Many predicted that this surge of niche content would bring down mainstream hit-makers. They were mostly wrong. Infinite choice in entertainment has ruined the companies which produced middling content that people watched because there was nothing else on—witness the collapse in broadcast-television ratings. But those at the very top of the business have thrived. When anyone can watch anything, people flock to the best. Global streamers like Netflix and Amazon have more than 200m direct subscribers, once an unimaginable number.

Those who have fared best at a shrinking box office are the owners of IP that is already popular. As people visit cinemas less often and competition intensifies, studios have pumped money into films people will turn out to see even when they go only three or four times a year. America’s ten biggest films last year were all sequels or parts of a franchise; Disney’s upcoming slate includes an 80-year-old Harrison Ford returning for a fifth outing as Indiana Jones. It has not been a golden age for cinema, but for those at the top it has been a profitable one.

Now technology is shaking things up again. Online distribution has enticed tech firms that make the hardware and software used for streaming. Silicon Valley is of a different scale from Tinseltown (Amazon’s growing advertising business is already three times bigger than Disney’s) and its moguls have no need to make money from streaming, which they see as an add-on to their main business. Hollywood initially wrote off the nerds. But the nerds have enough money to take creative risks. Last year Apple won the best-picture Oscar with “CODA”, a comedy-drama partly in sign language, less than three years after it entered the film business. The more fine content these new producers make and sell below cost, the greater the risk that older studios will fall from the top tier of media into the perilous middle.

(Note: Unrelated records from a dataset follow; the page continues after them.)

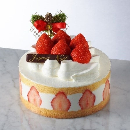 口どけなめらかなクリームとスポンジに苺をサンドした、クリスマス限定デザインのデコレーションケーキ。
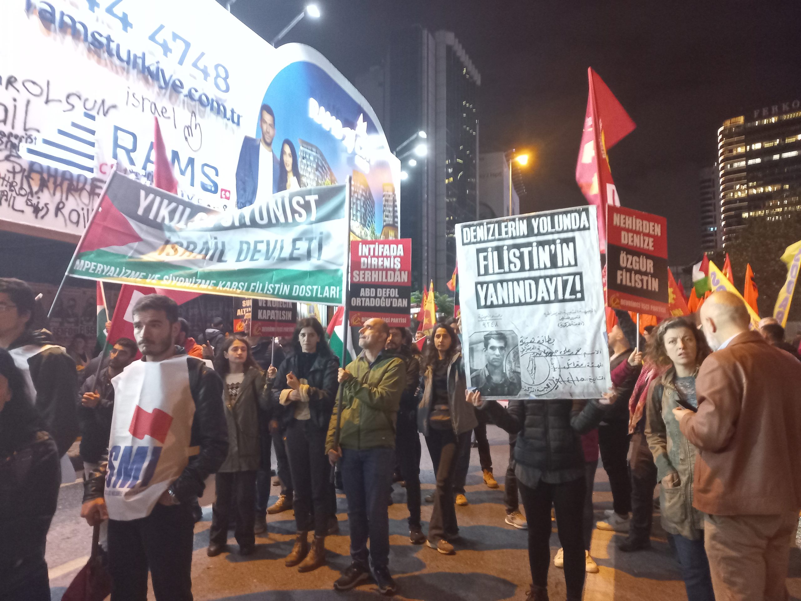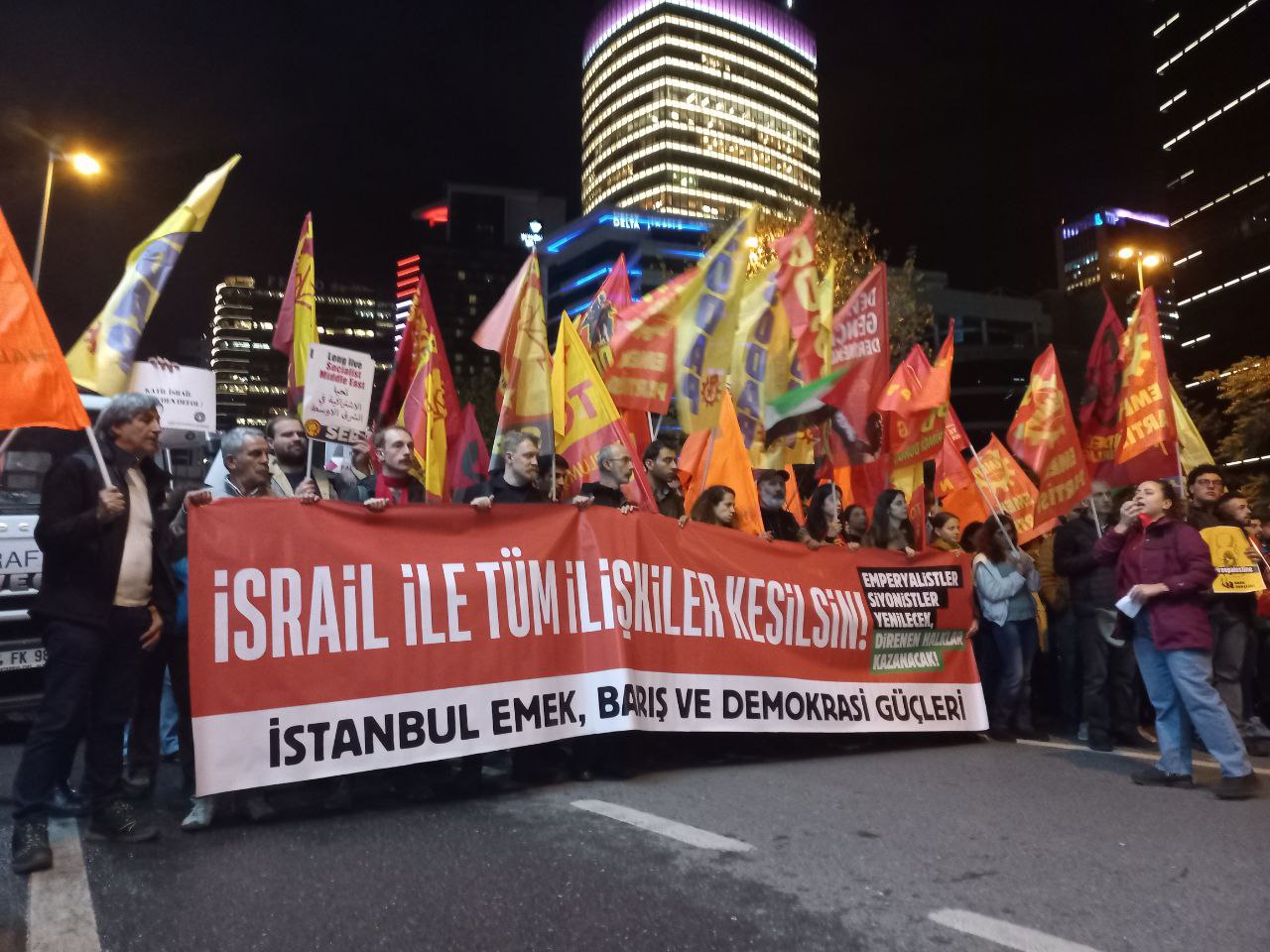 İstanbul Emek, Barış ve Demokrasi Güçleri’nin çağrısıyla Levent’te bulunan plazalar önünde bir araya gelen yüzlerce kişi sloganlarla İsrail Konsolosluğu önüne yürüyüşe geçti. Kadınlar Birlikte Güçlü de yürüyüş kortejine dahil oldu.
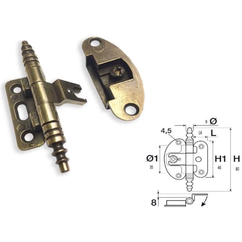 Cerniera in zama per ante in battuta con snodo diametro 9 mm. CERNIERA ART.621 MM.105 BRONZO COMPLETA H: 80 H1: 46 L: 14 Ø: 9 Ø1: 35
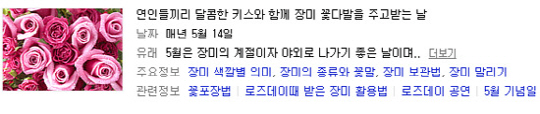 당일 주요 포털 사이트에는 '로즈데이', '5월 14일 로즈데이' 등이 실시간 검색어 상위권에 랭크되고 있는 상황이다.
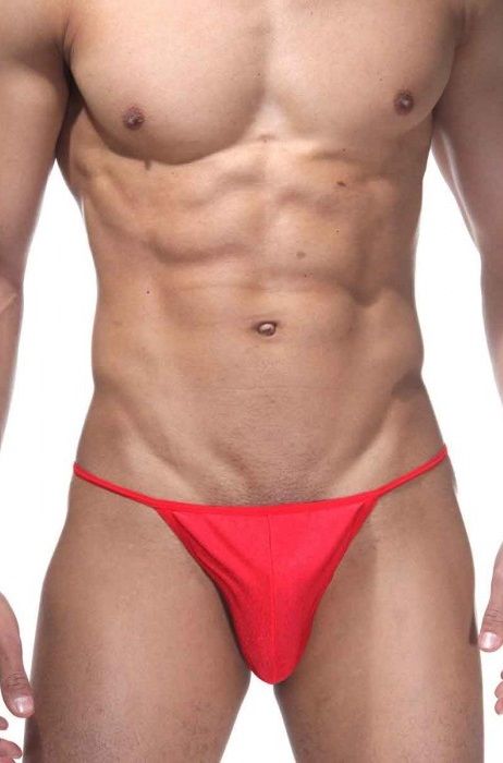 Гладкие тянущиеся минимальные стринги для мужчин ярко-красного цвета, на очень тонких резинках, V-формы сзади.
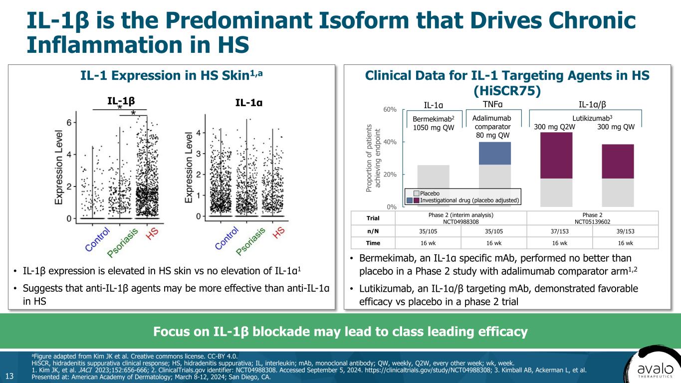 IL-1β is the Predominant Isoform that Drives Chronic Inflammation in HS 13 aFigure adapted from Kim JK et al. Creative commons license. CC-BY 4.0. HiSCR, hidradenitis suppurativa clinical response; HS, hidradenitis suppurativa; IL, interleukin; mAb, monoclonal antibody; QW, weekly, Q2W, every other week; wk, week. 1. Kim JK, et al. JACI 2023;152:656-666; 2. ClinicalTrials.gov identifier: NCT04988308. Accessed September 5, 2024. https://clinicaltrials.gov/study/NCT04988308; 3. Kimball AB, Ackerman L, et al. Presented at: American Academy of Dermatology; March 8-12, 2024; San Diego, CA. IL-1 Expression in HS Skin1,a Focus on IL-1β blockade may lead to class leading efficacy • IL-1β expression is elevated in HS skin vs no elevation of IL-1α1 • Suggests that anti-IL-1β agents may be more effective than anti-IL-1α in HS Trial Phase 2 (interim analysis) NCT04988308 Phase 2 NCT05139602 n/N 35/105 35/105 37/153 39/153 Time 16 wk 16 wk 16 wk 16 wk Clinical Data for IL-1 Targeting Agents in HS (HiSCR75) 0% 20% 40% 60% Pr op or tio n of p at ie nt s ac hi ev in g en dp oi nt IL-1α Bermekimab2 1050 mg QW IL-1α/β Lutikizumab3 300 mg Q2W 300 mg QW Placebo Investigational drug (placebo adjusted) TNFα Adalimumab comparator 80 mg QW IL-1β IL-1α • Bermekimab, an IL-1α specific mAb, performed no better than placebo in a Phase 2 study with adalimumab comparator arm1,2 • Lutikizumab, an IL-1α/β targeting mAb, demonstrated favorable efficacy vs placebo in a phase 2 trial
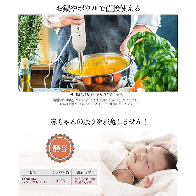 ハイパワー・時短2つの回転モード(低速と高速)を搭載!食材や料理に合わせてスピードを調節することができます。LINKChefのハンドブレンダーは、改良された800Wの純銅モーターを搭載しており、最大約15,000回転/分の高速回転力で料理時間を最大55%短縮することができます!たった3秒で野菜のみじん切り、ジュース、スムージー、離乳食などを瞬時に完成させることができます。パワフルな性能にもかかわらず、静音設計(60dB)なので、赤ちゃんが寝ているときでも気兼ねなく使えます。さらに、過熱や過負荷に対する二重保護機能も搭載されており、より安全にご使用いただけます。
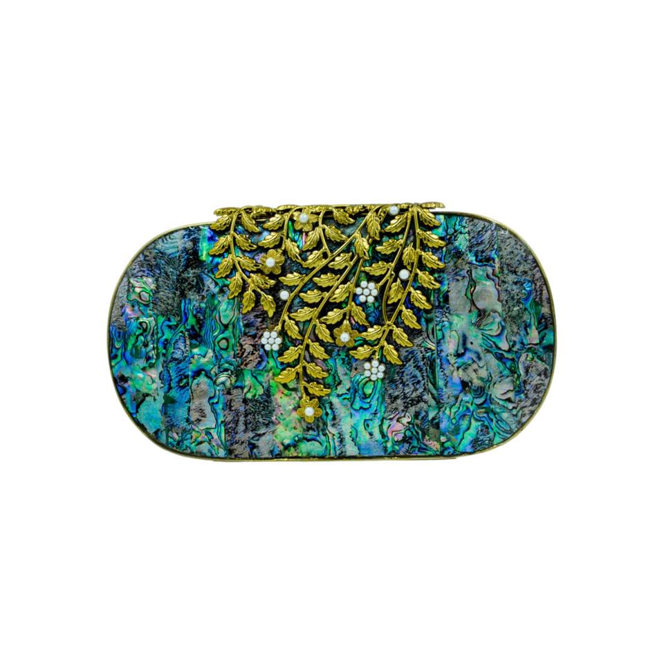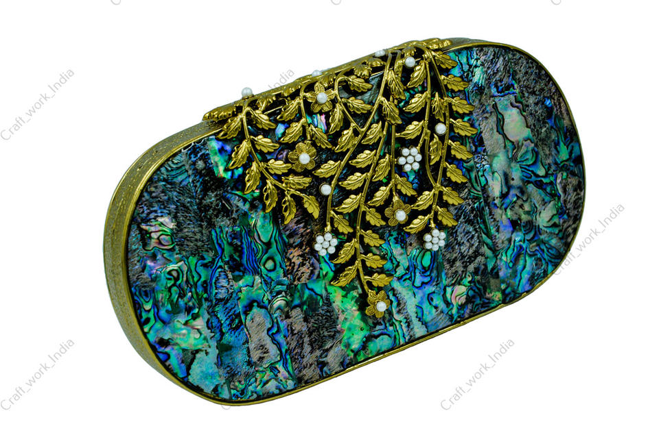 Luxury Abalone Shell Clutch with Gold Leaf Vine Work Handmade Designer Evening Bag for Bridal Wedding Party Wear

At the same time, new technology is allowing those lower down the “long tail” a better chance of reaching the profitable top. Inventions like game engines, which help with the creation of virtual sets, are lowering barriers to entry. Generative artificial intelligence, which can already make rudimentary video, may eventually lower them further. The first beneficiaries have been non-American film studios, which until recently struggled to nail first-class special effects. No longer. Two of the world’s highest-grossing films last year were Chinese—and when covid ebbs in China, expect that number to rise. China has yet to convert foreign audiences to hits like “Wolf Warrior 2” (tagline: “Anyone who offends China, wherever they are, must die”). But don’t bet that this will always be the case. China already has a globally successful social-media app in TikTok and produces video games that are international hits, including Tencent’s “Honour of Kings”, which is the world’s highest-earning mobile game.

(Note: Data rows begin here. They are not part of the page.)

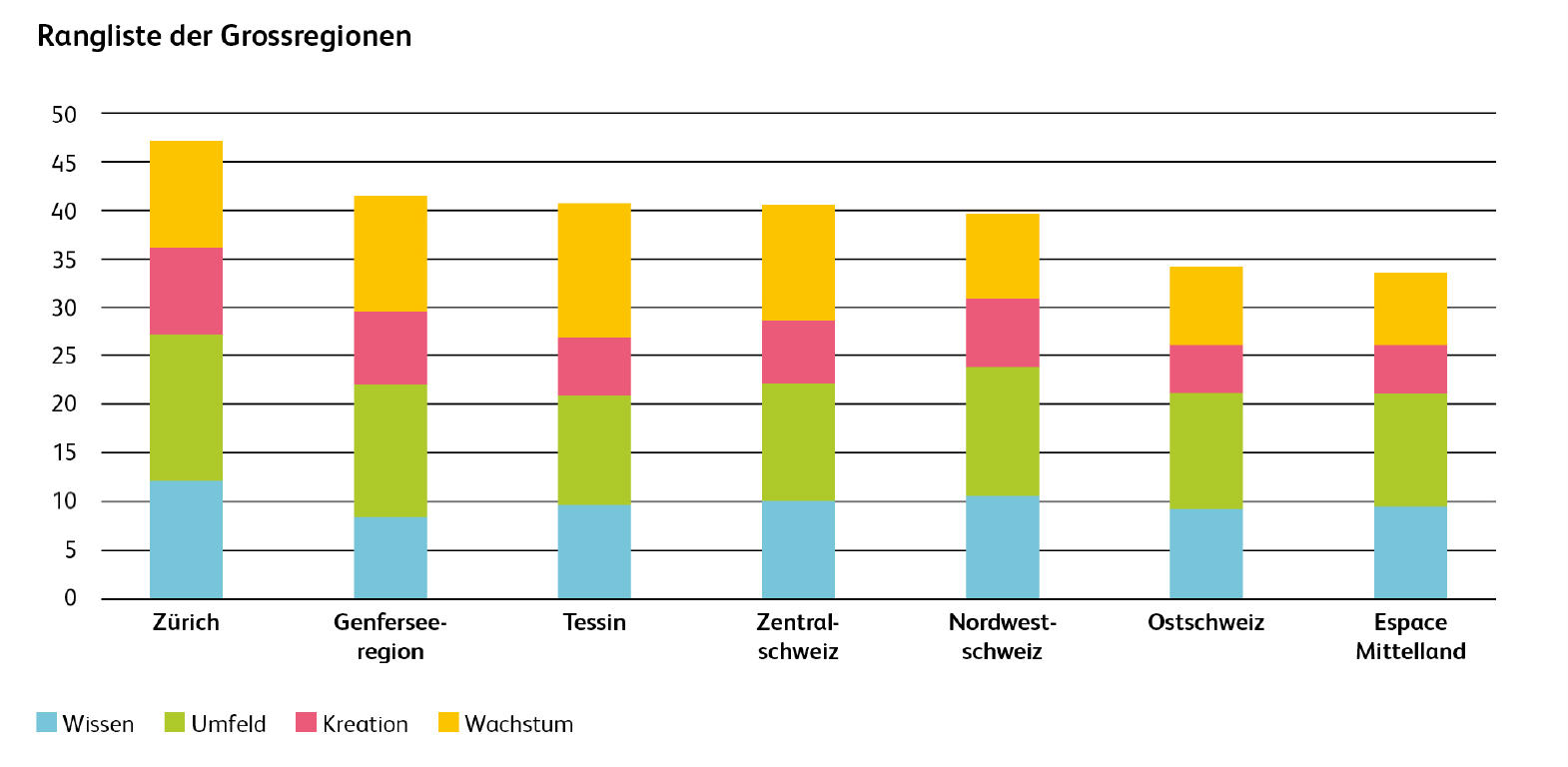 Erstmals wurden in der aktuellen Erhebung auch die Grossregionen miteinander verglichen. Die Region Zürich belegt dabei den ersten Platz, gefolgt von der Genferseeregion, dem Tessin und der Zentralschweiz. Die Nordwestschweiz folgt knapp dahinter, während Ostschweiz und Espace Mittelland weiter zurückliegen.
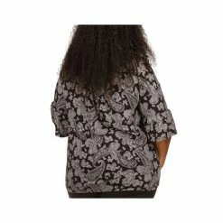 Flare sleeves bring stylish flow to this plus size MICHAEL Michael Kors knit top featuring a pretty paisley print.
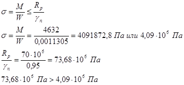 Внутренние усилия M,N при основном сочетании нагрузок.
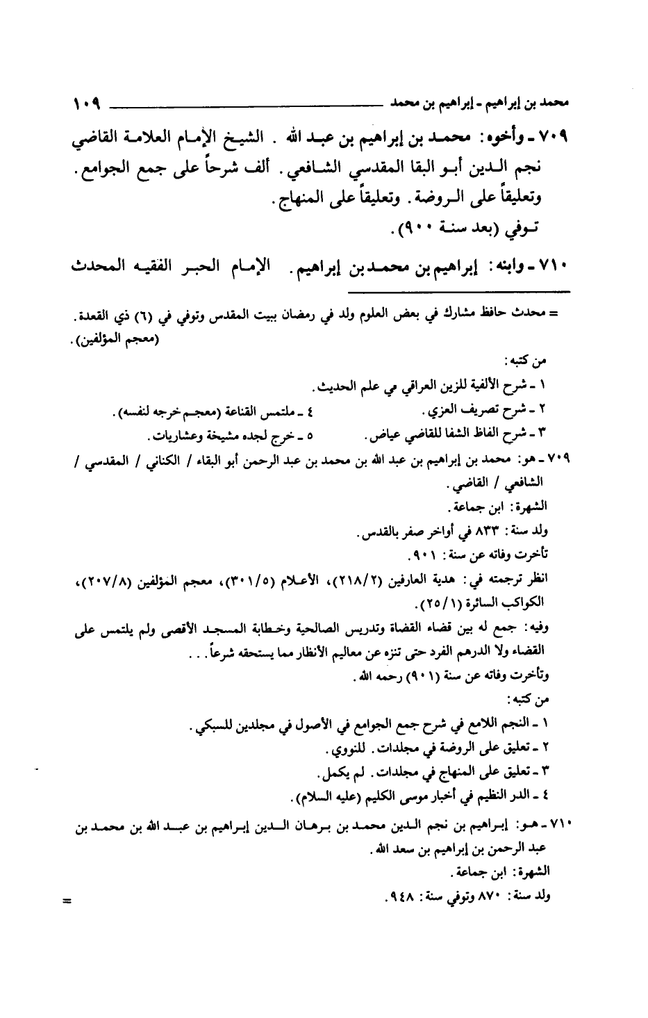 وأخوه: محمد بن إبراهيم بن عبد الله. الشيخ الإمام العلامة القاضي نجم الدين أبو البقا المقدسي الشافعي. ألف شرحاً على جمع الجوامع. وتعليقاً على الروضة. وتعليقاً على المنهاج.

Perhaps the most dramatic way technology could disrupt the culture business is by creating new categories of entertainment. Young adults in rich countries already devote more time to gaming than to broadcast television. Hollywood has been slow to catch on, but its Silicon Valley rivals are snapping up gaming IP. Microsoft’s proposed acquisition of Activision-Blizzard, whose games include “Call of Duty” and “Candy Crush”, is worth nearly ten times what Amazon paid for Metro-Goldwyn-Mayer, home of James Bond and Rocky Balboa. Movies based on games are becoming as popular as games based on movies. A series based on “The Last of Us”, a post-apocalyptic game, seems to be a critical success. Sonic the Hedgehog was among last year’s biggest films and Mario is likely to be among this year’s. Nintendo is opening a new Mario theme park next month—in Hollywood, no less.

The mouse and the long tail

The great creative factories of Hollywood will have to adapt if they want to survive. Another successful era is not beyond their reach. Disney’s century has been one of endless reinvention, in business terms as well as artistic ones, as the company has moved its output from projectors to cables to cassettes and now bytes. It will probably continue to innovate. Still, there are already signs that much of the coming century’s popular culture will be dreamt up in places other than Hollywood. For audiences tiring of sequels, that may be a welcome twist.